* PROMPT: Copy exactly the lines from the start of the material through the line with "These custom napkins". Pictures stay out of the copy.

* INPUT DATA:
----------

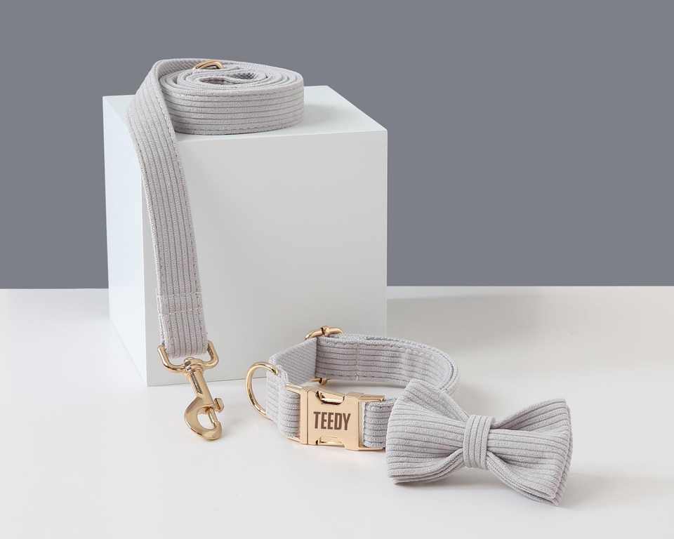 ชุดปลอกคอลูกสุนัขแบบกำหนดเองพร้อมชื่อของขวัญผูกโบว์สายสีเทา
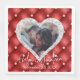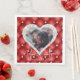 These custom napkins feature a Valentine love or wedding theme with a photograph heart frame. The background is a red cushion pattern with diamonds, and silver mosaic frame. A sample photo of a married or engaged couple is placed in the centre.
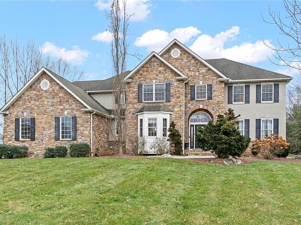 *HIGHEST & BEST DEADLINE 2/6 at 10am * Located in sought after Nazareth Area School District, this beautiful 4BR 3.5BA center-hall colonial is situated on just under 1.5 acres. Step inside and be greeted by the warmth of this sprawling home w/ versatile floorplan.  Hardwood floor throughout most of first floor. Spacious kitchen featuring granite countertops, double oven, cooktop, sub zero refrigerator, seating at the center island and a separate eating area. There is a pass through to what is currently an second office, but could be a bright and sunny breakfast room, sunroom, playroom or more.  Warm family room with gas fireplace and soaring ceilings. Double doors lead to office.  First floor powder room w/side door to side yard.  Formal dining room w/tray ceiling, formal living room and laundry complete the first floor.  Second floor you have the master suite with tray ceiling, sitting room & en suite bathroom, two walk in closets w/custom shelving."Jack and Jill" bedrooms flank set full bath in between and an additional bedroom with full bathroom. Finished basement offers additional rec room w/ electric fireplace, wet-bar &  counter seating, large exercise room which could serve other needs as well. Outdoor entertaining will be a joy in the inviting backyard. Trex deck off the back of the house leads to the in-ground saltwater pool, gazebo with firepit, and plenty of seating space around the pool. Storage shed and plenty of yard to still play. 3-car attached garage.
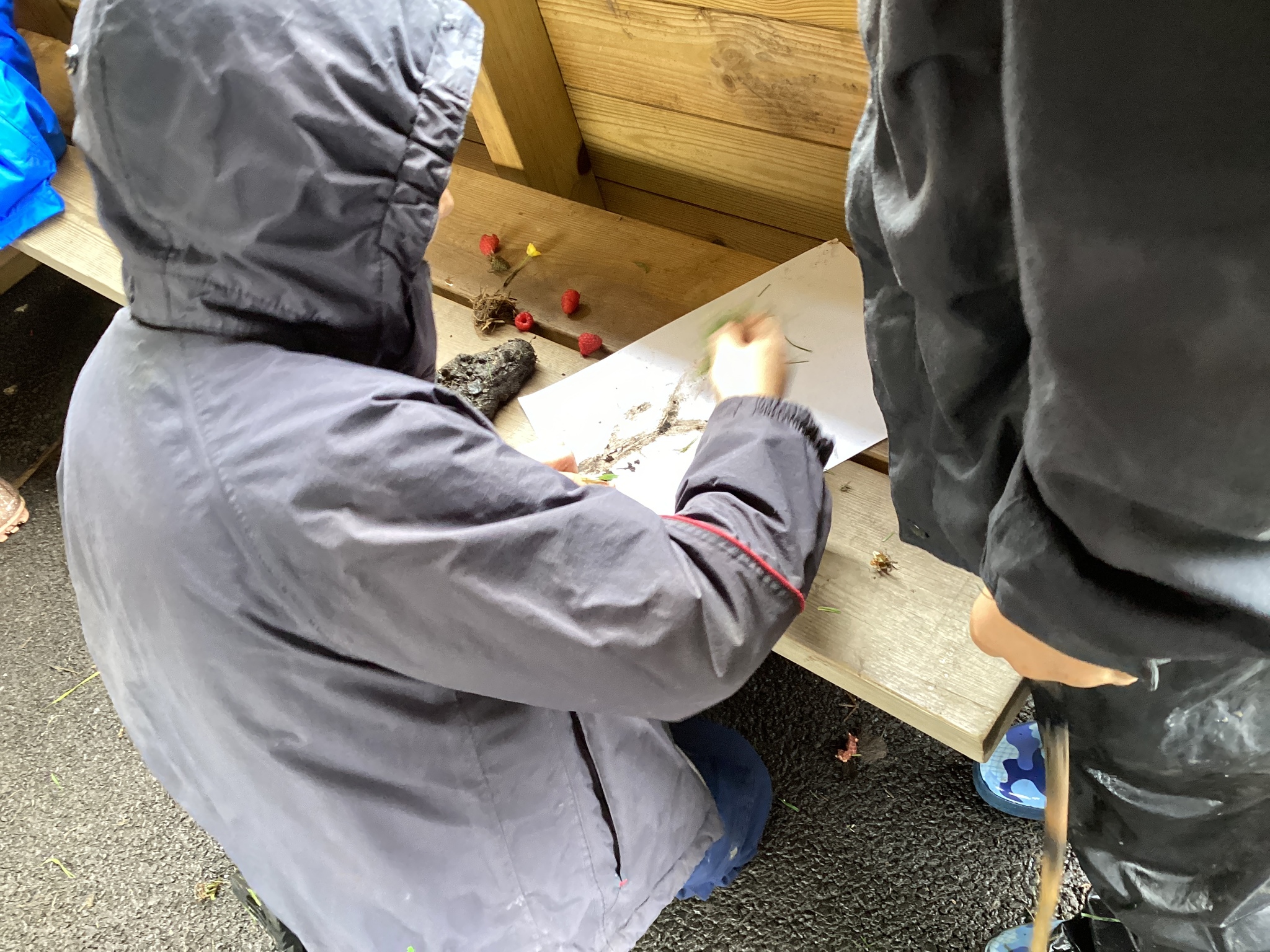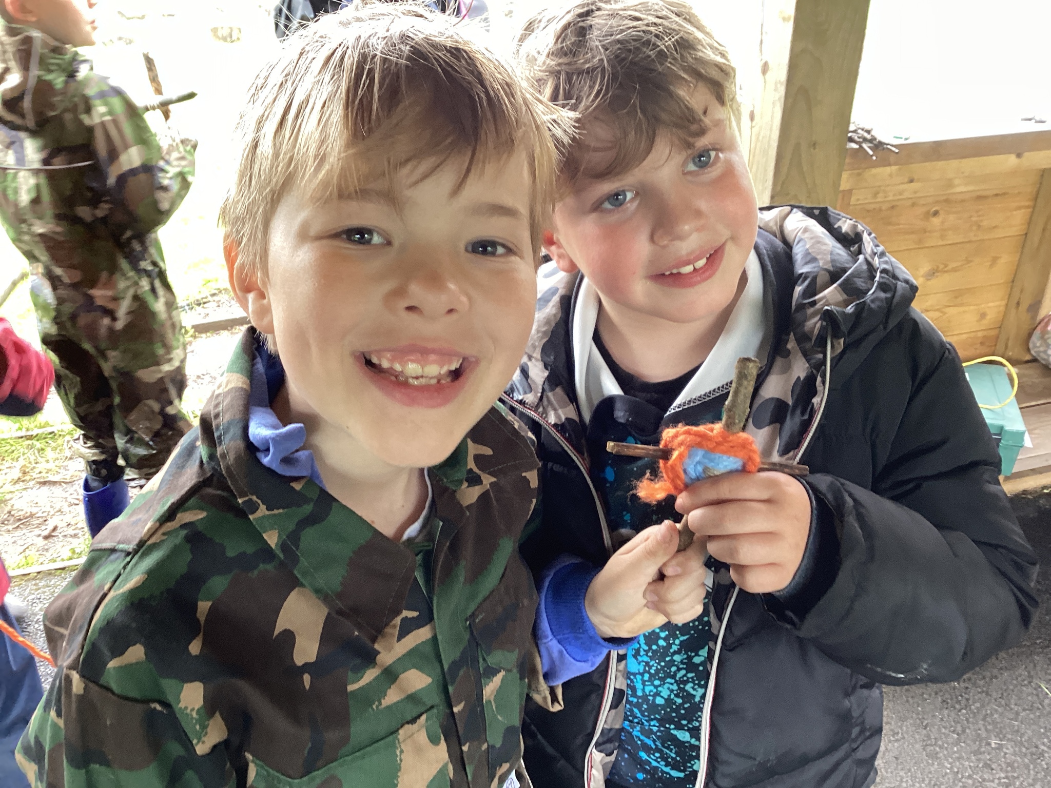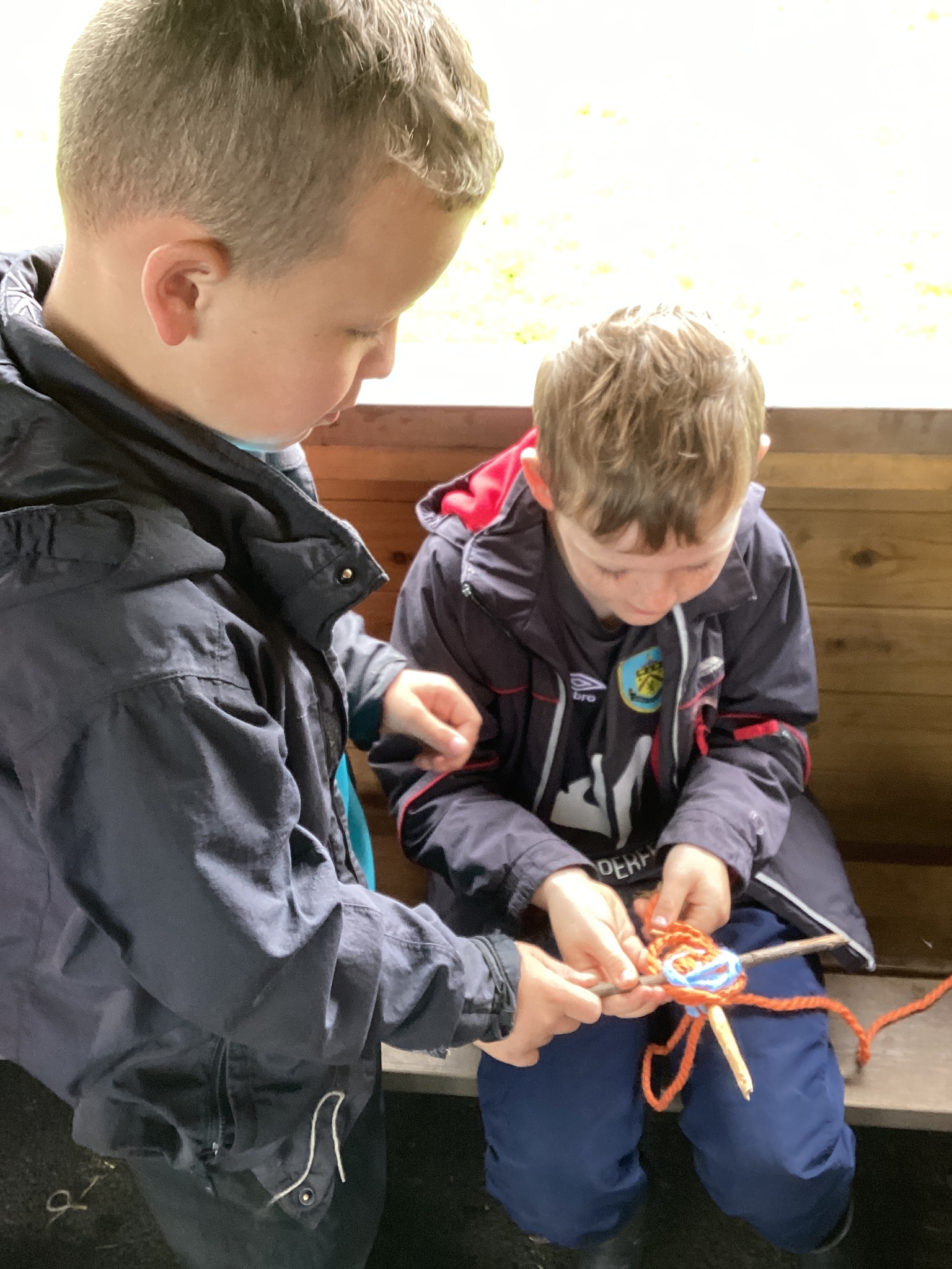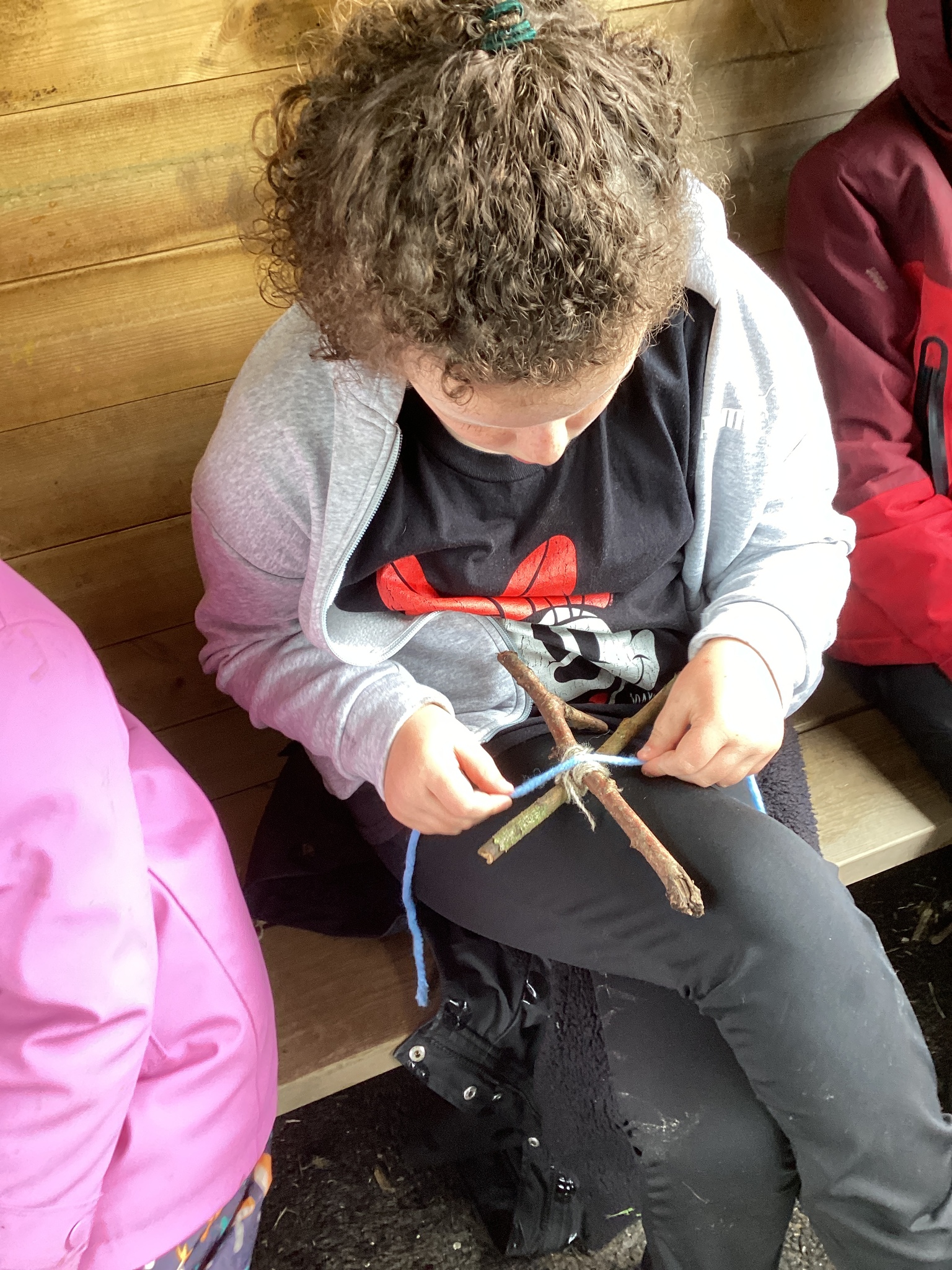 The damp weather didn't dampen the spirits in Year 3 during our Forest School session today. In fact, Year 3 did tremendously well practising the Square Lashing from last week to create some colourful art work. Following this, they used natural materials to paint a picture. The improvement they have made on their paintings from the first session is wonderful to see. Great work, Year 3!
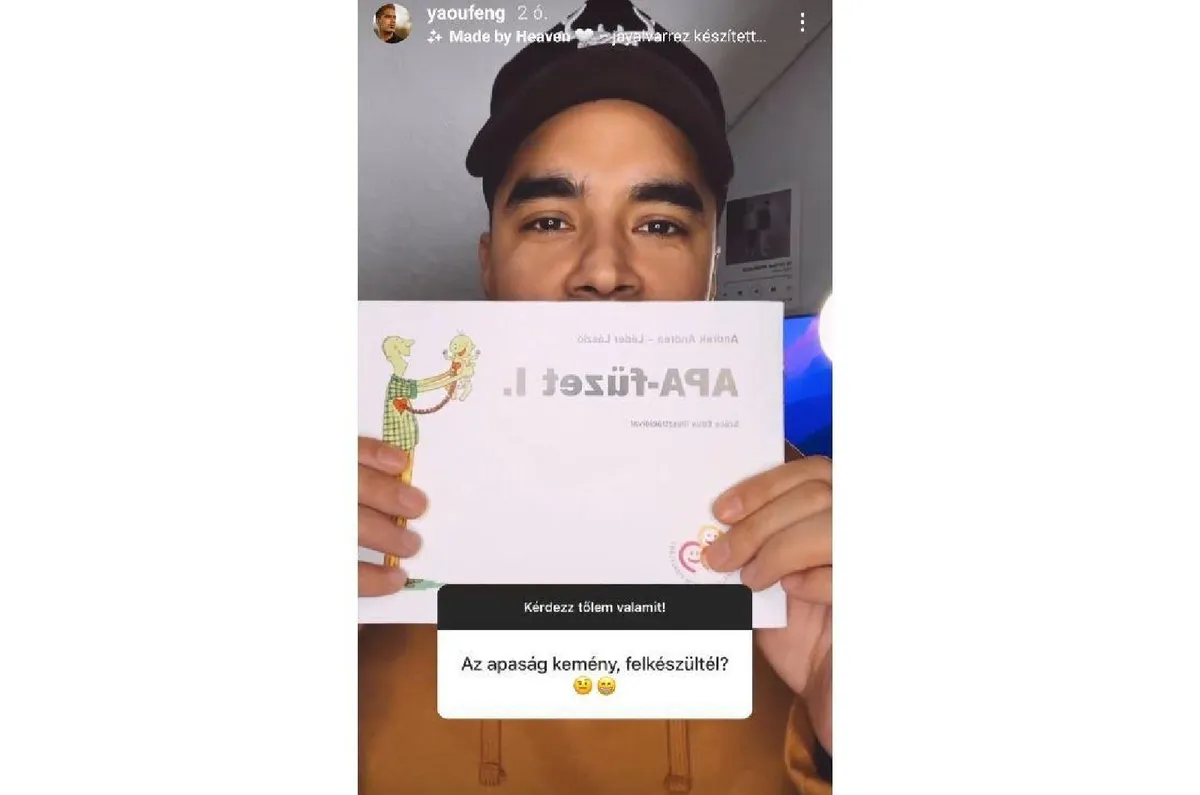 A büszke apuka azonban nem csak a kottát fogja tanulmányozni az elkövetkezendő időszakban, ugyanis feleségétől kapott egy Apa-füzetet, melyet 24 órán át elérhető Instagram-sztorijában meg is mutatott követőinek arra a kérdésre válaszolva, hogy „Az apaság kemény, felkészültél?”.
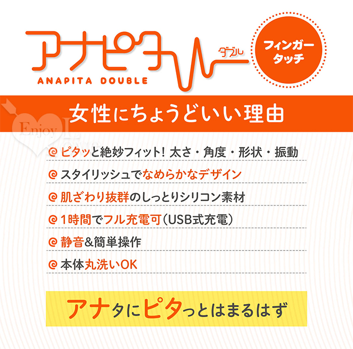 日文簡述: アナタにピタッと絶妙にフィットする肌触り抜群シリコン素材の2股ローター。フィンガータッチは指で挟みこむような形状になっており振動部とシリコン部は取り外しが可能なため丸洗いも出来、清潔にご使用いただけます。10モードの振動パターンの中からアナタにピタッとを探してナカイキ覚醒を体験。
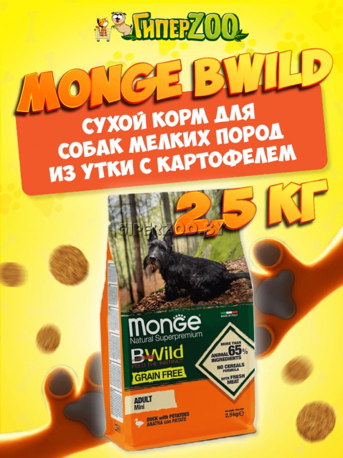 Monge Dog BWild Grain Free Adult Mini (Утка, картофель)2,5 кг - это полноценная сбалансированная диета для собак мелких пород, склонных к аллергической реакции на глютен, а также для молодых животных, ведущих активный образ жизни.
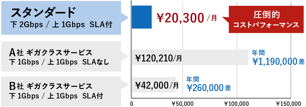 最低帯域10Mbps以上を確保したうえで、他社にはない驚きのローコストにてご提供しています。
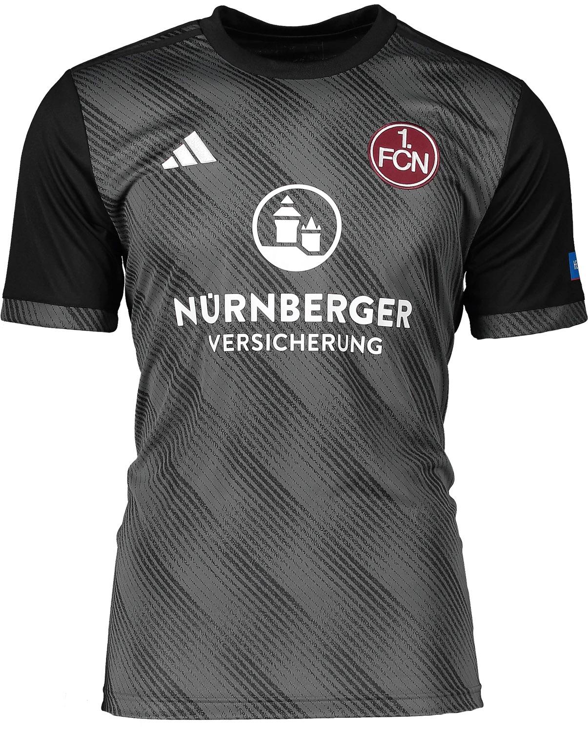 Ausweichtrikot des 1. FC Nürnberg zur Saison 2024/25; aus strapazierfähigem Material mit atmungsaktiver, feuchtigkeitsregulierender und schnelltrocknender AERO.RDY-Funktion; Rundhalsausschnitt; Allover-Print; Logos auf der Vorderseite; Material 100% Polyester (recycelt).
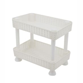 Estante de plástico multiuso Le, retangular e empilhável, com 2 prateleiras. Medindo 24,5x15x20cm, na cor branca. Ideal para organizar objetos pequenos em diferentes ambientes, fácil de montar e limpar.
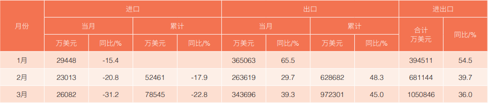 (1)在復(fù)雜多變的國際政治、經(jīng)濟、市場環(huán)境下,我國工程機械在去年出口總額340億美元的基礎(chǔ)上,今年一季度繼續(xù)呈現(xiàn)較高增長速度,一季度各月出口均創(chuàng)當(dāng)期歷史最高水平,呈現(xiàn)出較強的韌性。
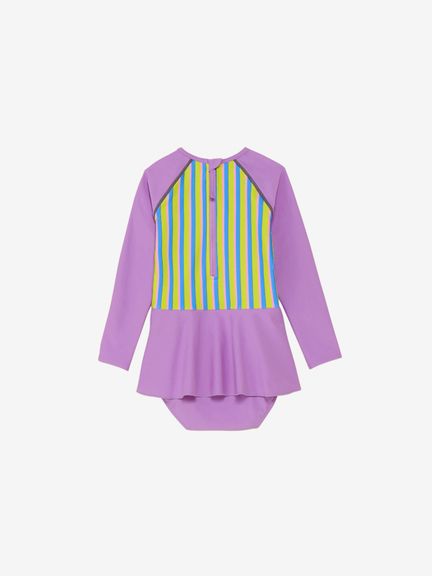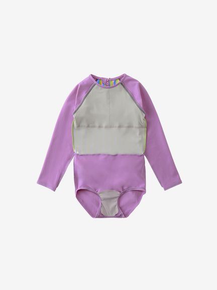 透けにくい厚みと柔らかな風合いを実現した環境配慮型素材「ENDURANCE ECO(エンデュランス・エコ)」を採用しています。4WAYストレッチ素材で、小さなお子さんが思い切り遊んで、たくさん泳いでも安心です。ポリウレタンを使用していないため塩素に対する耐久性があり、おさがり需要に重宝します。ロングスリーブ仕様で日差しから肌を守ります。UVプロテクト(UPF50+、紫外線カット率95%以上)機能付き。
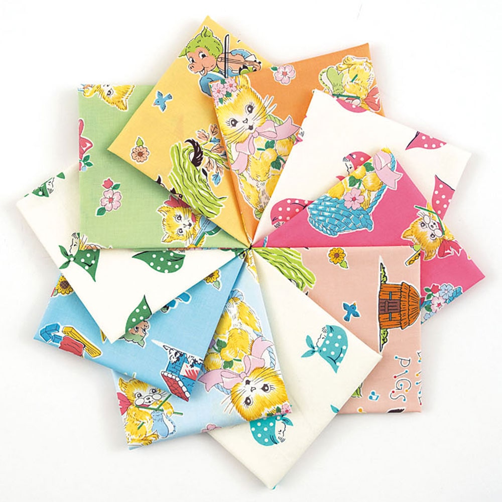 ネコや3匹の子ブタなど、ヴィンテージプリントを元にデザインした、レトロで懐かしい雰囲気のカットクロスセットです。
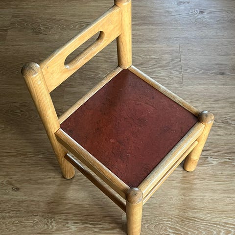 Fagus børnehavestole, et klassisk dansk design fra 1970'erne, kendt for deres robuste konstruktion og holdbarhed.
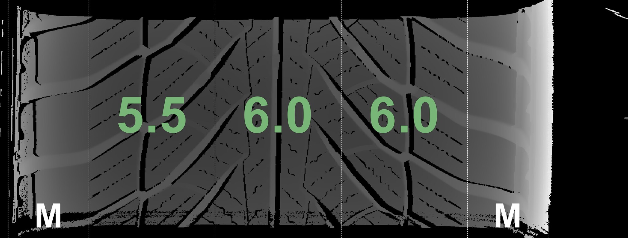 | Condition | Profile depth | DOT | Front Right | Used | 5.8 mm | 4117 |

----------

* EXPECTED ANSWER:
 ชุดปลอกคอลูกสุนัขแบบกำหนดเองพร้อมชื่อของขวัญผูกโบว์สายสีเทา
 These custom napkins feature a Valentine love or wedding theme with a photograph heart frame. The background is a red cushion pattern with diamonds, and silver mosaic frame. A sample photo of a married or engaged couple is placed in the centre.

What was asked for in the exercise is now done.